We Must Export Brooklyn In Order to Save It
Brooklyn—the brand—is more popular than ever. It’s the hottest thing in Paris fashion! What can Brooklyn—the city—get from this, besides exasperating trend stories? Perhaps something useful.
Brooklyn The Brand™ is one of the globe’s most omnipresent upper class stylistic overlays. From Mexico City to Barcelona to Tokyo, chic versions of a semi-fictional “Hipster Brooklyn” aesthetic in certain upwardly mobile/ younger demographic districts are overwhelming. Why go anywhere when you can just go to the most unenjoyable bars and shopping areas in Brooklyn itself and feel like you’re in Oslo or Berlin or Seoul?
No one else has ever made this observation—we’re the first.
The Wall Street Journal reports that Le Bon Marche, in Paris, a luxury department store in a city synonymous with global fashion, is currently mired in a Brooklyn style fever that encompasses not just the stereotypical expensive knit caps and imported Brooklyn food but has even reached the level of brick wallpaper, which is fairly deep on the scale of Pseudo-Reality. And no wonder: “[Le Bon Marche] colleagues ran reconnaissance missions deep into Brooklyn, going far beyond the luxury condominiums of Williamsburg. Several different teams braved the winter cold, combing the Red Hook and Bed-Stuy neighborhoods in search of pickle makers and quirky lingerie designers.”
It’s easy to complain about this sort of thing. We love complaining about this sort of thing! Sadly, complaining about this sort of thing has become so ubiquitous that it’s like... get a life, I was doing that back in the day and now there are all these kids fuckin trying to copy my shit, and it’s definitely not as cool now.
So let’s try to do something constructive about this whole distressing situation. We know that living in Brooklyn is too expensive. In fact, average rents here just reached an all time high. We have an affordable housing crisis—spawned in large part by the very Brooklyn Brand popularity that’s infesting the cities of the world and causing global style to compress into a homogeneous layer of similar facial hair, as if “Brooklyn” were the NAFTA of fashion.

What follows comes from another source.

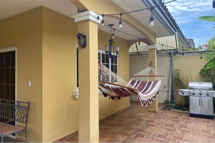 Venta de casa en rainforest, altos de panamáAmaneceres que te cautivarán con la frescura de los árboles, el cantar de las aves? atardeceres que te conquistan al ocultarse el sol detrás de las montañas, noches frescas y de brisa; esa es la experiencia que tendrás al vivir en esta bella residencia unifamiliar ubicada en residencial las huacas de rainforest village, ubicada a una altura de 120mts sobre el nivel del mar.de buen gusto y de estilo colonial mediterráneo, ofrecemos en alquiler o venta cómoda residencia unifamiliar.sus 450 m2 son eficientemente distribuidos en: nivel pbespaciosa sala ? comedor con fina decoración en luminariacomedor independiente o sala familiaragradable terraza techada con vistas al jardínjardínmedio baño de visita amplia cocina de 25m2 con doble acceso y salida al comedor, espaciosa alacenahabitación auxiliar, sala familiar u oficina con su baño completocuarto y baño de servicionivel 2sala de estar4 habitaciones (2 habitaciones en suite y 2 que comparten un tercer baño)3 baños completoshabitación principal con espacioso walk in closet (de 10 mts cuadrados) y cómodo baño con tina, ducha y doble lavamanosencantador balcón en la habitación principal con vista panorámica para disfrutar de mañanas y anocheceres que enamoran.residencial las huacas de rainforet village, es un conjunto residencial de exclusivas residencias, que ofrece garita de seguridad, parques infantiles, canchas deportivas, gazebo, salón de eventos y otras amenidades de gran disfrute familiar. ubicada estratégicamente muy cerca del corredor norte, vía puente centenario y la vía ricardo j. alfaro. a cinco minutos de ahí y hacia todos lados, así de privilegiada es su ubicación. además, está muy cerca al centro comercial alta plaza mall y centennial mall, con bancos, farmacias, colegios, lavanderías, supermercados, ferreterías y otros comercios de conveniencia y deleite siendo estos atractivos comerciales interesante para todos sus residentes. a 10 minutos de merca panamá y con salida directa al corredor rumbo a playas e interior del país,si estás buscando tu nuevo hogar, rainforest village debes considerar.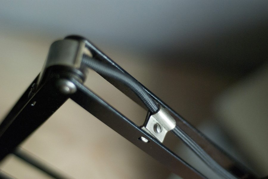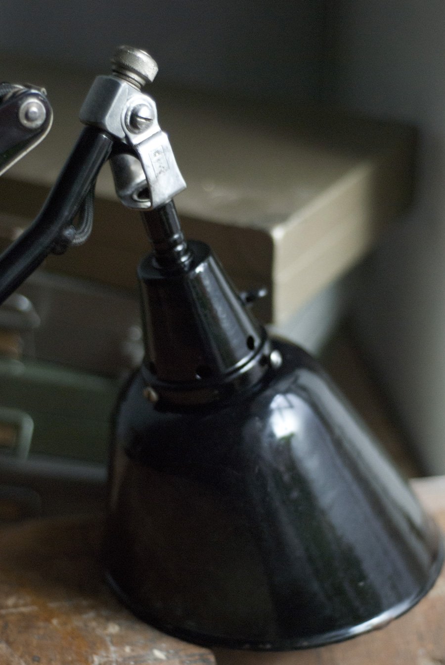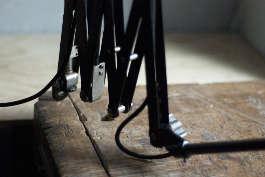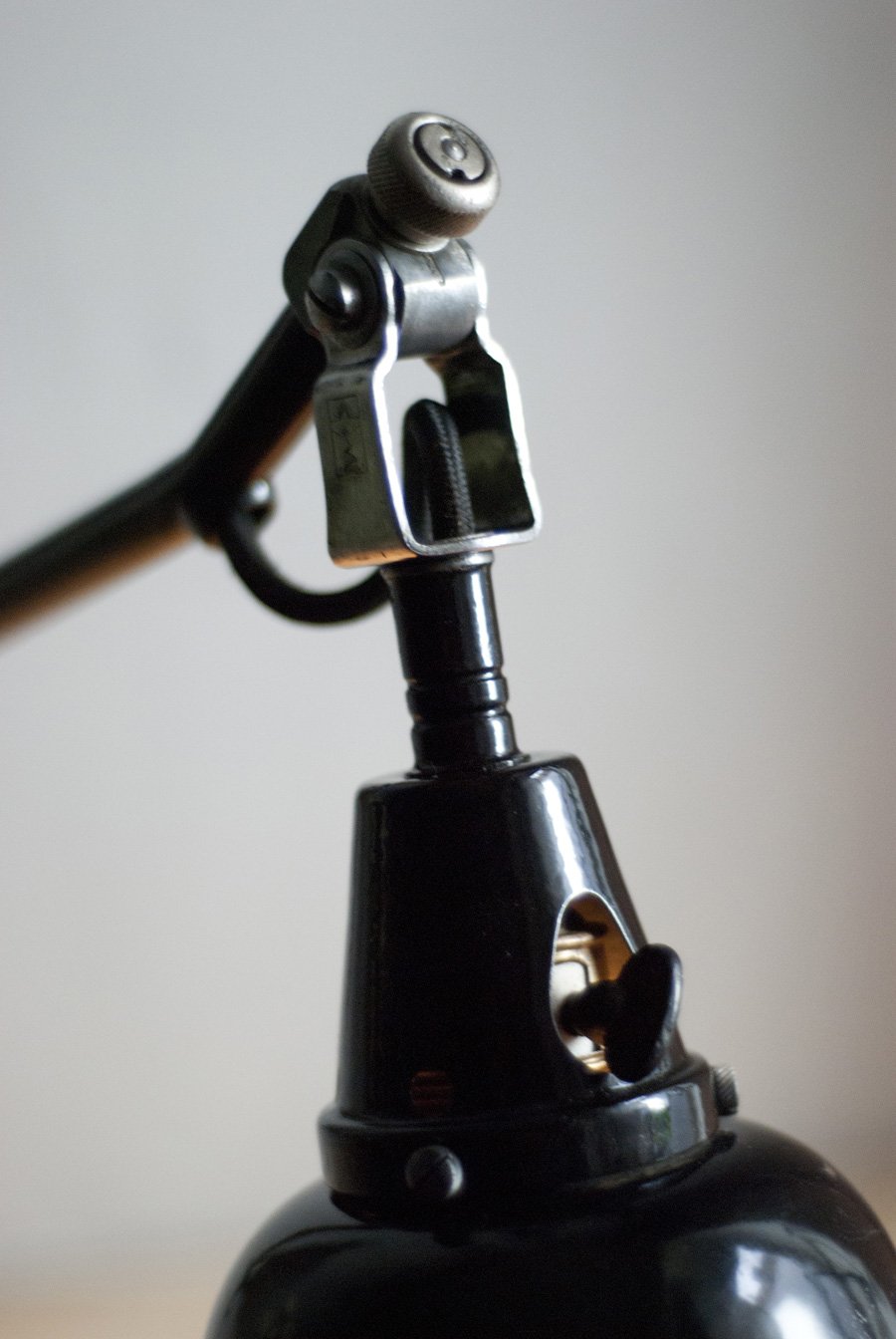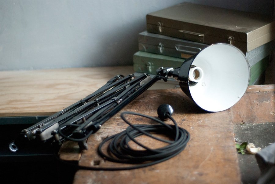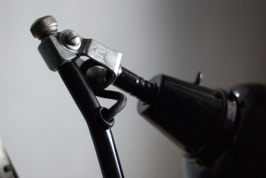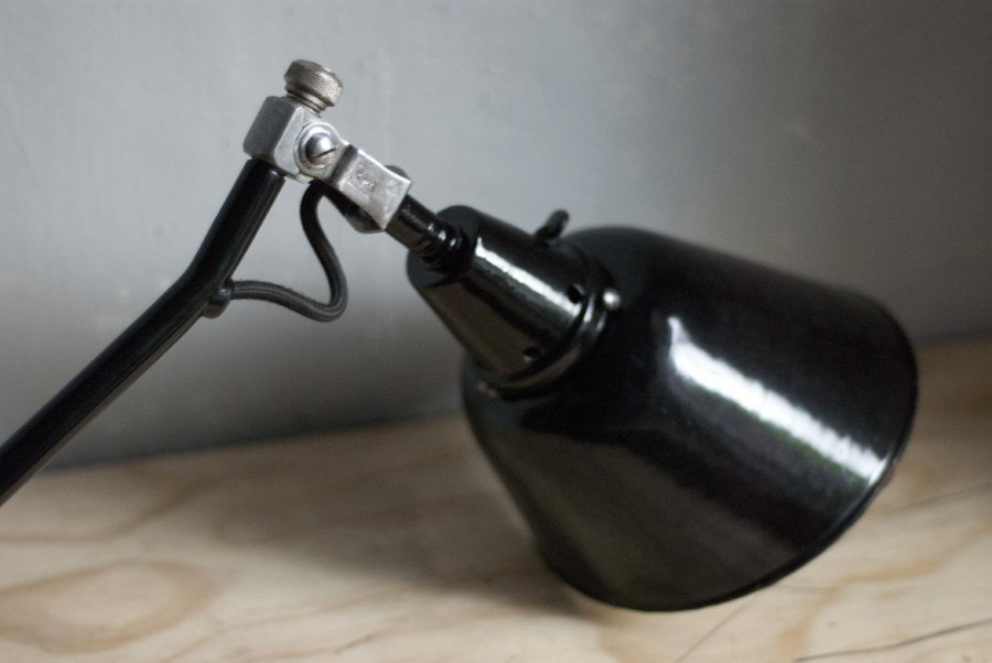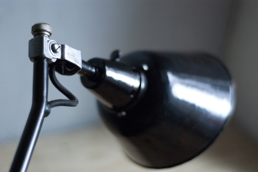 Die Elektrik wurde dreiadrig erneuert und generalüberholt. Es wurde ein schwarzes, stoffummanteltes Kabel verwendet. Die Leuchte wird mittels eines Drehschalters an der Messing Fassung betätigt.

The millions of regular people who live in Brooklyn and don’t give a shit about all this shit are getting priced out. Gentrification in some neighborhoods has accelerated to the point that the gentrifiers who replaced the earlier gentrifiers are now getting replaced by richer gentrifiers. Normal, non-gentrifiers are pushed to the margins. Brooklyn’s real style is getting threatened by sameness, to say nothing of the threats to the necessities of life for millions of middle and lower class people. All because the sort of people who shop at Le Bon Marche want a piece of what they imagine Brooklyn is all about (tote bags).
How can we address both of these issues at once? By exporting not just “Brooklyn style,” but actual Brooklynites to cities around the world. Why should a Paris department store settle for a selection of Brooklyn t-shirts when they could have an entire block’s worth of displaced Prospect-Lefferts Gardens residents living with them and telling them how to get down? For only the price of airfare, food and shelter, and a reasonable living wage, a real live resident of Flatbush or Coney Island or Bed-Stuy who can no longer afford their rent will come to you—in your far-flung metropolitan area across the globe—and show you their very own Brooklyn Style. So what the other cool Parisians have a Brooklyn scarf? You have a paid Brooklyn friend, ready to instruct you on how to write graffiti “the Brooklyn way!”
Brooklynites move around the world, spreading their authentic Brooklyn Brand, easing the housing crisis back here in BK, and making some money for their troubles. Reporters can start thinking up some fresh Brooklyn tropes besides “skinny jeans” and “foodies.” And, after a while, the whole world can learn what people in Brooklyn already know: Brooklyn isn’t as cool as it used to be.